When my mother turned 26, she'd been married for nearly seven years and was expecting her sixth child. While she was busy changing and washing countless cloth diapers, the Vietnam War was being fought by soldiers whose average age was 22. The average age of a World War II soldier was a slightly higher at 23 years young. High-school kids still have to register for the Selective Service within 30 days of their 18th birthday.
Shakespeare was 18 when he married Anne Hathaway who was (gasp!) 26 years old. Mozart wrote his first symphony at age 8 (he penned the melody to "Twinkle, Twinkle" at age four), Jesus Christ was 33 when he died. But this is the 21st century and times are different. Wait — Mark Zuckerberg, creator of Facebook and worth an estimated $1.5 billion, just turned 27 this May.
Because young adults are disproportionately uninsured, Congress included provisions for extended adult child coverage in the health care reform law, the Patient Protection and Affordable Care Act, as amended by the Health Care and Education Reconciliation Act. Essentially, these laws require that plans offering dependent child coverage must make the coverage available for children (biological, step, adopted and foster — without regard to student status, marital status or financial dependence) until age 26. Thankfully, the value of this extended employer-provided coverage is not taxable to the employee through the end of the year in which the "child" turns 26.
If only the states' tax treatment of this coverage were so automatic and straightforward.
At about this time last year, we were coming to grips with the fact that PPACA required us to amend our self-insured and self-administered health plan, effective Jan. 1. We were doing queries to assess how many adult children might be impacted and were drafting targeted communication to their parents. We had, of course, been fielding questions from some of these parents since the days immediately after the law's passage. PPACA's authors would be quick to point out that our plan is not required to cover dependent children — but we do have to cover the 26-year-olds if we want to cover the newborns and preschoolers. Some choice.

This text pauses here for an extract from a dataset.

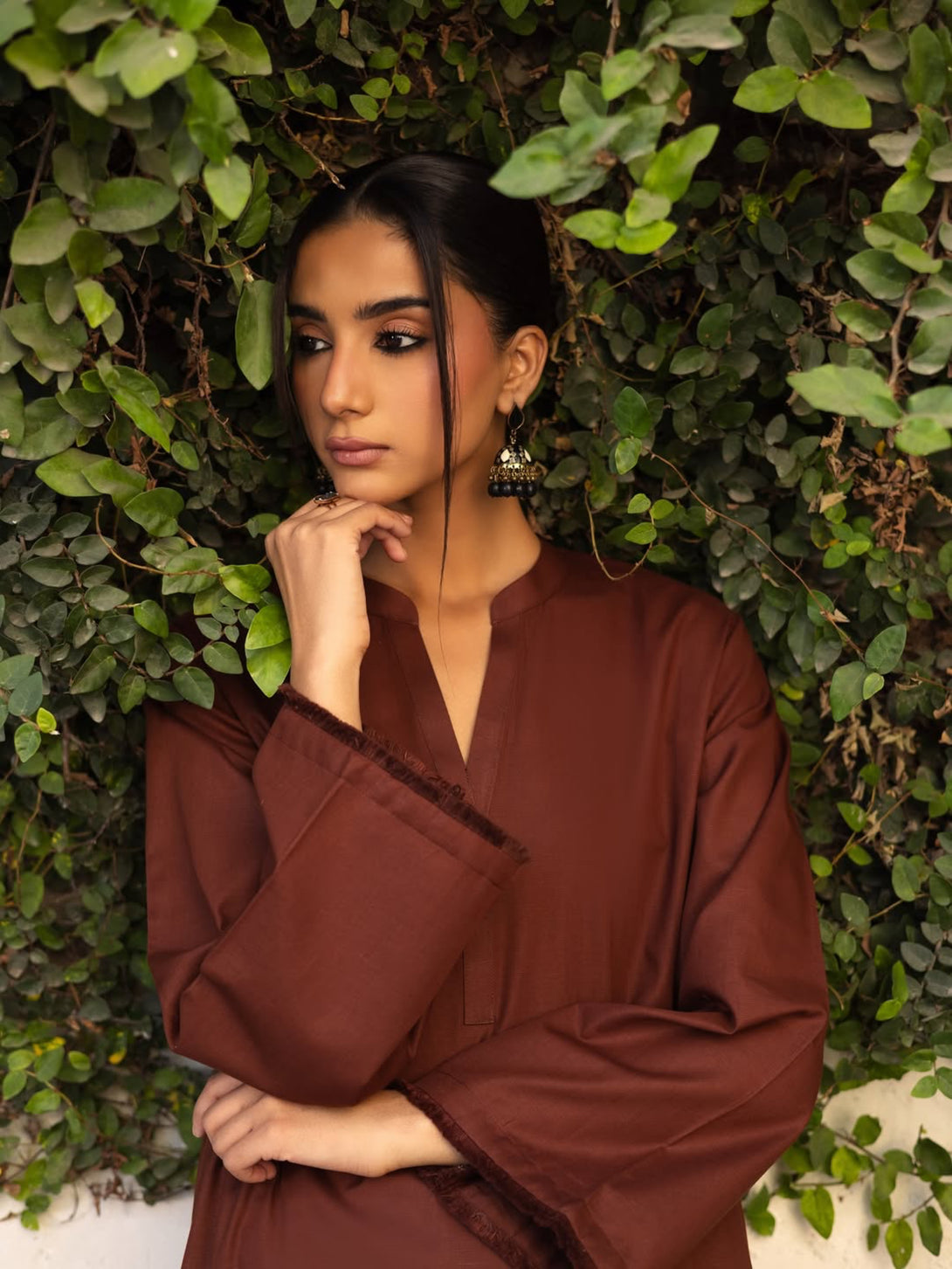 Step into winter with style and comfort in Brown Khaddar. Crafted from premium khaddar, this 2-piece solid outfit is warm, soft, and perfect for the season. The short shirt features delicate lace work on the border, adding a touch of elegance to its clean, minimal look. Paired with a flowy farshi shalwar, it creates a graceful and modern winter ensemble.

Prior to Jan. 1, our plan covered children (step, biological and adopted) until age 24 without regard to student status. We were actually taking steps to increase the age to 25 in 2011 - mostly because we're an insurance carrier as well as an employer and the standard version of our fully insured client product had moved to age 25 in recent years. We had, however, planned to retain our stance on requiring financial dependence and excluding coverage for married children.
Even though we didn't have to, for administrative simplification and clarity of message, we have applied the PPACA-mandated definition of child to our self-insured dental and fully insured dependent life policy. We also extended it to our self-insured retiree dental and medical plans. There aren't a lot of adult children on the retiree plans, but we have a fair number of pre-65 retirees on those plans and some of them had children later in life.
We delivered targeted communication to all participants with children in their 20s and offered the mandated special enrollment opportunity, extending our 2011 annual enrollment window to accommodate the 30-day special enrollment period. Of course, we added a number of formerly uncovered adult children to our plans. The cost of doing so remains to be seen. We don't expect it to be material; this demographic is not historically our biggest health care cost drivers.
For now, we've left our coverage tiers unchanged. Employees can elect to cover just themselves, themselves and one other person or they can choose family coverage in order to cover two or more people in addition to themselves. Many of our employees already had family coverage so this PPACA provision gave them an opportunity to help their adult children for "free." (The company subsidizes 75-80% of the cost of family coverage.)
We're self-insured, so state insurance law isn't something we need to monitor closely. However, we are closely watching state payroll/tax law to see whether or not we need to impute income for employees who cover adult kids in states that don't align with federal law. So far, it's looking pretty good. We're closely watching a handful of states — Minnesota, Vermont and Wisconsin among them — who don't yet conform with the federal rules. We're headquartered in Minnesota where our legislators are haggling over a budget deficit, so our payroll and benefits department has not yet breathed a sigh of relief.
Contributing Editor Cindy Bucher is the benefits and compensation manager for a Midwestern financial services company and has been in her current role since 2004. She and her staff serve more than 2,500 active employees and 650 retirees, as well as their families. She can be reached at email@example.com.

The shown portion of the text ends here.